*** Opening RECORDED DATA ***

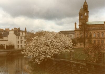 The Caullay family lived in Kilmacolm, Scotland for many years up to and during WWI until emigrating to the USA and Canada in the1920s. Kilmacolm was a village of about 1200 residents in 1901 located approximately 20 miles from Glasgow, the largest city in Scotland at the time with a population of 762,000. The Caullay family lived in a multi-unit residential building in a place named Low Shells in Kilmacolm. Low Shells was built as a school in the early 1800s and then became a hotel before being converted into a multi-family residential building in the late 1800s with no street address – before postal street names and addresses came into use in Kilmacolm.
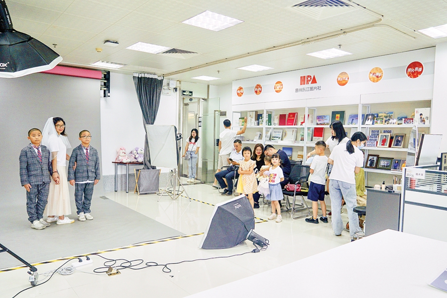 來自惠州市第十一小學(xué)方直分校的吳冬霞老師帶著爸爸媽媽和兩個孩子來到了惠州日報社。“我們是通過推文得知有這項活動,看到名額有限,馬上就報名了。今天的拍攝很滿意,攝影師都很專業(yè)。”吳冬霞老師覺得這一系列惠民攝影活動不單單是給教師的福利,同時也是對各行各業(yè)工作者的回饋。
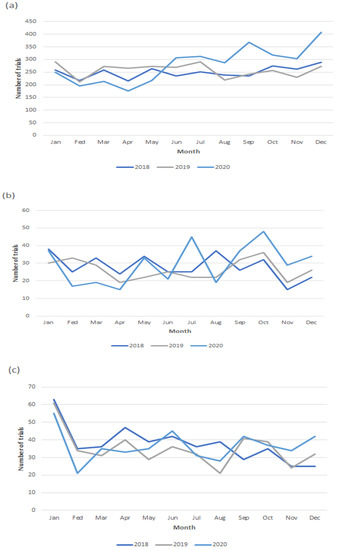 Monthly trends in the commencement of new oncology trials according to type of interventions from 2018 to 2020. (a) Drug; (b) device; and (c) procedure.
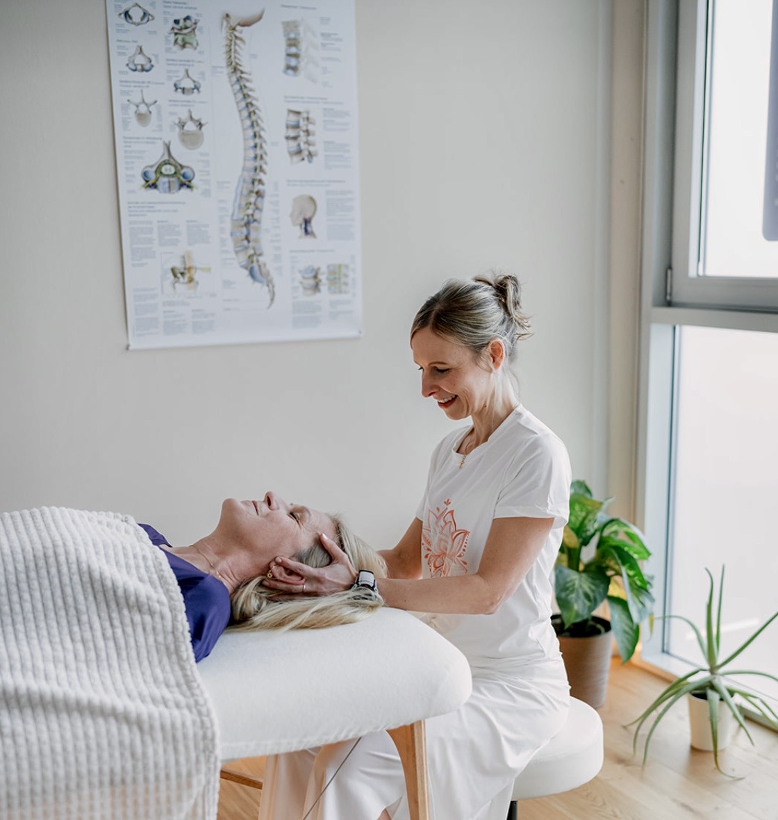 In einem großen Bewegungsraum und einem Behandlungsraum zum Wohlfühlen darf nun ein breit gefächertes Bewegungsangebot rund um die Gesundheit der Wirbelsäule Platz nehmen:
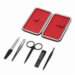 Inhalt: Eine Nagelfeile, eine Pinzette, ein Nagelhautschneider, ein Nagelclipper und eine Schere. Alles in einem eleganten rechteckigen Etui mit seitlichem Druckknopf.
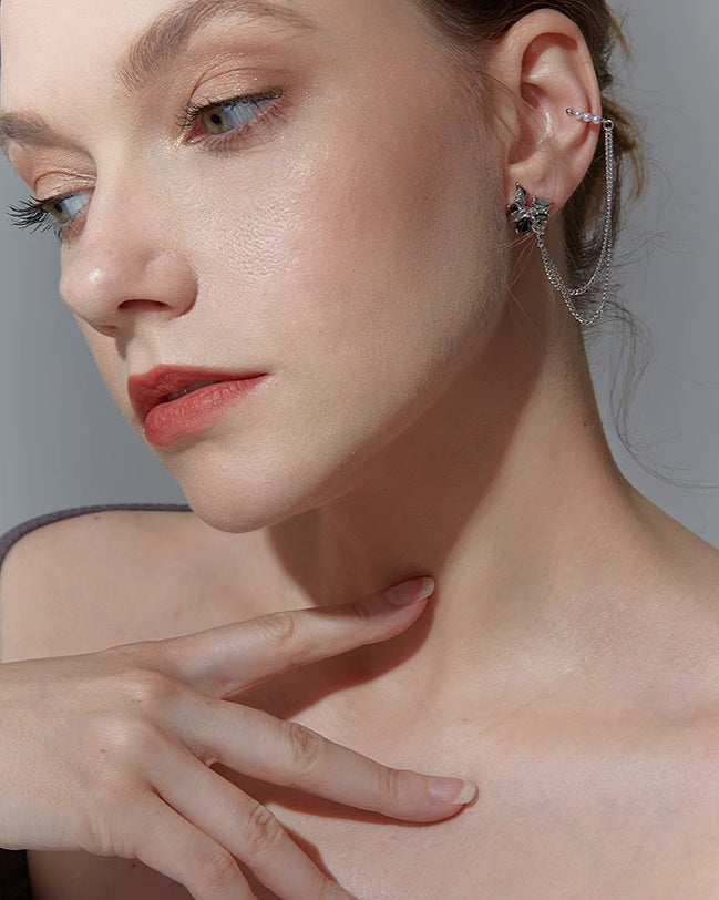 当店における"Earrings"はいわゆる耳に穴を開けて着用するタイプのもので、"Clip-on earrings"が耳に挟んで着用するタイプのものになります。
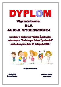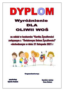 Uczennice kl . „IV” : Alicja Mysłowska i Oliwia Woś zostały wyróżnione za udział w konkursie „Kartka Życzliwości” organizowanym z okazji „Światowego Dnia Życzliwości” obchodzonym w dniu: 21 listopada 2021 r.
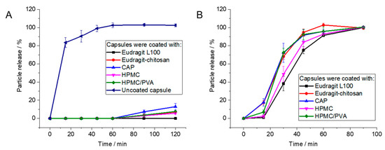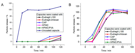 For uncoated gelatin capsules, rapid particle release was observed at pH 1 as the capsules were easily dissolved. The enteric-coated capsules released 12% at most after 2 h, depending on the enteric coating polymer. In contrast, the coated capsules showed rapid release of particles within 90 min at pH 7.1, i.e., under the neutral conditions in the colon (Figure 6 and Figure 7). As passage from the stomach to the colon takes hours [7,82,83,84,85], this release rate is well suited to transporting particles to the colon.

*** Closing RECORDED DATA ***

# WORK REQUIRED:
Please write out, exactly, every line from the line with "Inhalt: Eine Nagelfeile, eine" through the final line of the data above, leaving out pictures.

# TASK SOLUTION:
 Inhalt: Eine Nagelfeile, eine Pinzette, ein Nagelhautschneider, ein Nagelclipper und eine Schere. Alles in einem eleganten rechteckigen Etui mit seitlichem Druckknopf.
 当店における"Earrings"はいわゆる耳に穴を開けて着用するタイプのもので、"Clip-on earrings"が耳に挟んで着用するタイプのものになります。
 Uczennice kl . „IV” : Alicja Mysłowska i Oliwia Woś zostały wyróżnione za udział w konkursie „Kartka Życzliwości” organizowanym z okazji „Światowego Dnia Życzliwości” obchodzonym w dniu: 21 listopada 2021 r.
 For uncoated gelatin capsules, rapid particle release was observed at pH 1 as the capsules were easily dissolved. The enteric-coated capsules released 12% at most after 2 h, depending on the enteric coating polymer. In contrast, the coated capsules showed rapid release of particles within 90 min at pH 7.1, i.e., under the neutral conditions in the colon (Figure 6 and Figure 7). As passage from the stomach to the colon takes hours [7,82,83,84,85], this release rate is well suited to transporting particles to the colon.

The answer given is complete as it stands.